Zero-downtime secret rotation in Python

The hard part of rotation is not generating a new credential — it is swapping it into a running service without a single failed request. The answer is a refreshing cache plus an overlap window where both credentials work. This page implements it, extending Automated Secret Rotation Patterns.

Problem 1: restart-to-rotate

# ANTI-PATTERN: the only way to pick up a new secret is a redeploy
SECRET = fetch_secret()    # module-level; rotation requires restarting every pod

Tying rotation to a restart means downtime and a manual step.

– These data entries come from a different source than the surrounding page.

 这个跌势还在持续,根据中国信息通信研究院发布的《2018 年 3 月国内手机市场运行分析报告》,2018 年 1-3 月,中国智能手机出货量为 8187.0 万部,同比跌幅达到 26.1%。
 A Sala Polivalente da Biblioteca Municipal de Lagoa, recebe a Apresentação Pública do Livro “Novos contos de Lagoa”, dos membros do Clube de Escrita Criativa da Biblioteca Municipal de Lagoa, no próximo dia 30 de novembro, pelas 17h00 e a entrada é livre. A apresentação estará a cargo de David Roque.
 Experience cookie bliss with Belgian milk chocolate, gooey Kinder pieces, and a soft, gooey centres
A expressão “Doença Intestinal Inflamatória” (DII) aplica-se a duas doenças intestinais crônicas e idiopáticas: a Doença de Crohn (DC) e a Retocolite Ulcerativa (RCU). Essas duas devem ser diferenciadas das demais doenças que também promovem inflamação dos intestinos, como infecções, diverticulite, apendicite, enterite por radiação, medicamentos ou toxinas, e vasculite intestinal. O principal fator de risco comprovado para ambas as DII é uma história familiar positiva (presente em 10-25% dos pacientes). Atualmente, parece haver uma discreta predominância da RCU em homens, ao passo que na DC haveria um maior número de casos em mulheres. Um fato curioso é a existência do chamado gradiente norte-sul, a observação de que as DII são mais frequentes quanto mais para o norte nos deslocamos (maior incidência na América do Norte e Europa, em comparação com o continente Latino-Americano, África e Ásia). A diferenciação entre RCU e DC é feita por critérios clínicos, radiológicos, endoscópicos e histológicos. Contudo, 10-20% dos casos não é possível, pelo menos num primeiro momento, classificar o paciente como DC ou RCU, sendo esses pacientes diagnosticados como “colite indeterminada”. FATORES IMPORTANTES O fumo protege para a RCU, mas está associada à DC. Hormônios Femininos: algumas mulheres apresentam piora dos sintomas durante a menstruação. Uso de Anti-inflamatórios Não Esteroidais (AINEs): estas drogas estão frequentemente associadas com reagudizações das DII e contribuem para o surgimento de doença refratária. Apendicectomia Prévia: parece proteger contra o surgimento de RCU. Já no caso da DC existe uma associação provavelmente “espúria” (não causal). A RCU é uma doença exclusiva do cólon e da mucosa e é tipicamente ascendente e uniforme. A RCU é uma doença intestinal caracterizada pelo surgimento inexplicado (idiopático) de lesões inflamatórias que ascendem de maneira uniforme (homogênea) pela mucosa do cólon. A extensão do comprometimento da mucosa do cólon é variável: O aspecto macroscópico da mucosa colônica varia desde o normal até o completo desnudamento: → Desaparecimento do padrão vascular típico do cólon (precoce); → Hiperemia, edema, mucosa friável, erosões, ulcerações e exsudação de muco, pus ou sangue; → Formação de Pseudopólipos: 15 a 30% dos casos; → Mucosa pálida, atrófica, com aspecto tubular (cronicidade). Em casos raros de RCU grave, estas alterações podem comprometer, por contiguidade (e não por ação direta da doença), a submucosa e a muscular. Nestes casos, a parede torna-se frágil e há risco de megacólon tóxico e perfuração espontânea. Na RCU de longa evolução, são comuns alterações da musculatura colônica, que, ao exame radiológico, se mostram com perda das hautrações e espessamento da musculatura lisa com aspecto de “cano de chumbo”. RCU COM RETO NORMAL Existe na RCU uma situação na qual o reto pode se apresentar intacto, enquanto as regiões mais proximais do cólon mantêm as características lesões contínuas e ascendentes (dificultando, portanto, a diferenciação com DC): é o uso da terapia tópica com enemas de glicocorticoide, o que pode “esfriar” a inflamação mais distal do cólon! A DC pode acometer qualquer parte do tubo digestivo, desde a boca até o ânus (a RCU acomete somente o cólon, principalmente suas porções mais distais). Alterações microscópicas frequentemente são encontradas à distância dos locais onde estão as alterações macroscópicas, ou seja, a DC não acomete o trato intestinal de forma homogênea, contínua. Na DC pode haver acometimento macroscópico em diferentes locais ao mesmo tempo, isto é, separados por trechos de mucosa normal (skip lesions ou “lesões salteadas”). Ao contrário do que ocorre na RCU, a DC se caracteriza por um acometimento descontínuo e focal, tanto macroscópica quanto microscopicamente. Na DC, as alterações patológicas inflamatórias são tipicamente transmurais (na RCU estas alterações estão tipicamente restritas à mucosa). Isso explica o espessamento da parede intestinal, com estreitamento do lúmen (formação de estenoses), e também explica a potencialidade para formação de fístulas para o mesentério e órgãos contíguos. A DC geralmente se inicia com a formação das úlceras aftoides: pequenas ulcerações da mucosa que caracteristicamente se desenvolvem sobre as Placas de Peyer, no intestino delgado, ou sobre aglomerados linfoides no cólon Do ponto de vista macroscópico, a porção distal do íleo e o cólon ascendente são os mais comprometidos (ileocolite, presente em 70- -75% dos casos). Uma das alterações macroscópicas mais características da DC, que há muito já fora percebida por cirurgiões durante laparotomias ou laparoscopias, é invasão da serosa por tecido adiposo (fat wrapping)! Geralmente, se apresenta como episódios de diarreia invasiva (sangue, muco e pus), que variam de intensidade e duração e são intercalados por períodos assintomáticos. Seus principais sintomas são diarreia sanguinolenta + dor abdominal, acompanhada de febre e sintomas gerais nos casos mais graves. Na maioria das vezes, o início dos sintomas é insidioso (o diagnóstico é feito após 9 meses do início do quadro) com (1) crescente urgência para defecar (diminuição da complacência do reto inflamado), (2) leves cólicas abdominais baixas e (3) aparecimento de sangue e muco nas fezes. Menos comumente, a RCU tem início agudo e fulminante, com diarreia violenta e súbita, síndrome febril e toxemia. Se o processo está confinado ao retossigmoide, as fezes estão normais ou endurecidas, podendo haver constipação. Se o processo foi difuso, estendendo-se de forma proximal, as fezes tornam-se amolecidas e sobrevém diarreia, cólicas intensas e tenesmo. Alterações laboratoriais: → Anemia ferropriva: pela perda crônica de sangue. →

Problem 2: a race on refresh

# ANTI-PATTERN: two threads refresh at once, one overwrites the other
if expired:
    global SECRET
    SECRET = fetch_secret()    # no lock: torn reads under concurrency

Without a lock, concurrent requests can see a half-updated value.

Secure implementation

# secrets/refresh.py
import threading, time
from pydantic import SecretStr

class RefreshingSecret:
    def __init__(self, fetch, ttl: int = 300):
        self._fetch, self._ttl = fetch, ttl     # ttl < overlap window
        self._value: SecretStr | None = None
        self._at = 0.0
        self._lock = threading.Lock()

    def get(self) -> SecretStr:
        now = time.monotonic()
        if self._value is None or now - self._at > self._ttl:
            with self._lock:                     # one refresh under contention
                if self._value is None or time.monotonic() - self._at > self._ttl:
                    self._value, self._at = self._fetch(), time.monotonic()
        return self._value

def on_rotation(pool, secret: RefreshingSecret) -> None:
    pool.recreate(password=secret.get().get_secret_value())   # graceful pool reload

The double-checked lock guarantees exactly one refresh under load; the TTL stays below the store’s overlap window, so the old credential is still valid while the cache catches up; pools are recreated rather than torn down mid-request.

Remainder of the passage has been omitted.